■ Activity: For every line in the material, output its text exactly and exclude any image it holds.

■ Given material:
== Segment start ==

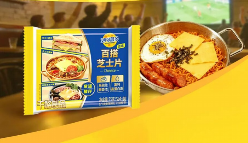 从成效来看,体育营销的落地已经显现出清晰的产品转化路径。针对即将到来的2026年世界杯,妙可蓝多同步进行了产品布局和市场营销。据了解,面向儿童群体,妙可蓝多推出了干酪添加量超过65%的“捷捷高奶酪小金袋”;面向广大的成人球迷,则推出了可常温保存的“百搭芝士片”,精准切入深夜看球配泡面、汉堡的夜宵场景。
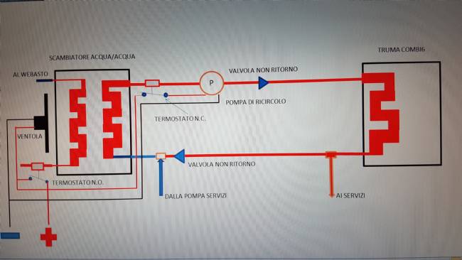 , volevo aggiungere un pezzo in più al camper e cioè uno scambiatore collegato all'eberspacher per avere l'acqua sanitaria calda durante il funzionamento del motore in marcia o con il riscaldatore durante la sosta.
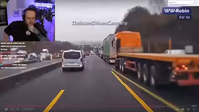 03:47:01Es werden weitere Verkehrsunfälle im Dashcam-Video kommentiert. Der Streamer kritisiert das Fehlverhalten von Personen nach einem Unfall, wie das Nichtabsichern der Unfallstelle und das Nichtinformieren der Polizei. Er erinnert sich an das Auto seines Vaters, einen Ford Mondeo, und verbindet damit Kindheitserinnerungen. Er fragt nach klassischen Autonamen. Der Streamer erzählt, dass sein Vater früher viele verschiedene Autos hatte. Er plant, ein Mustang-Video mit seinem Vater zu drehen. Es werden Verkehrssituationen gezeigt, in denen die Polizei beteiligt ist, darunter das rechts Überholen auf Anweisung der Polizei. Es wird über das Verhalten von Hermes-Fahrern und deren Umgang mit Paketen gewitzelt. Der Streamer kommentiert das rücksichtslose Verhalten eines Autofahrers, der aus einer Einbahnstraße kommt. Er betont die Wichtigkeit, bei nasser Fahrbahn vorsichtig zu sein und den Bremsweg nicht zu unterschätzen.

== Segment end ==

■ Exercise result:
 从成效来看,体育营销的落地已经显现出清晰的产品转化路径。针对即将到来的2026年世界杯,妙可蓝多同步进行了产品布局和市场营销。据了解,面向儿童群体,妙可蓝多推出了干酪添加量超过65%的“捷捷高奶酪小金袋”;面向广大的成人球迷,则推出了可常温保存的“百搭芝士片”,精准切入深夜看球配泡面、汉堡的夜宵场景。
 , volevo aggiungere un pezzo in più al camper e cioè uno scambiatore collegato all'eberspacher per avere l'acqua sanitaria calda durante il funzionamento del motore in marcia o con il riscaldatore durante la sosta.
 03:47:01Es werden weitere Verkehrsunfälle im Dashcam-Video kommentiert. Der Streamer kritisiert das Fehlverhalten von Personen nach einem Unfall, wie das Nichtabsichern der Unfallstelle und das Nichtinformieren der Polizei. Er erinnert sich an das Auto seines Vaters, einen Ford Mondeo, und verbindet damit Kindheitserinnerungen. Er fragt nach klassischen Autonamen. Der Streamer erzählt, dass sein Vater früher viele verschiedene Autos hatte. Er plant, ein Mustang-Video mit seinem Vater zu drehen. Es werden Verkehrssituationen gezeigt, in denen die Polizei beteiligt ist, darunter das rechts Überholen auf Anweisung der Polizei. Es wird über das Verhalten von Hermes-Fahrern und deren Umgang mit Paketen gewitzelt. Der Streamer kommentiert das rücksichtslose Verhalten eines Autofahrers, der aus einer Einbahnstraße kommt. Er betont die Wichtigkeit, bei nasser Fahrbahn vorsichtig zu sein und den Bremsweg nicht zu unterschätzen.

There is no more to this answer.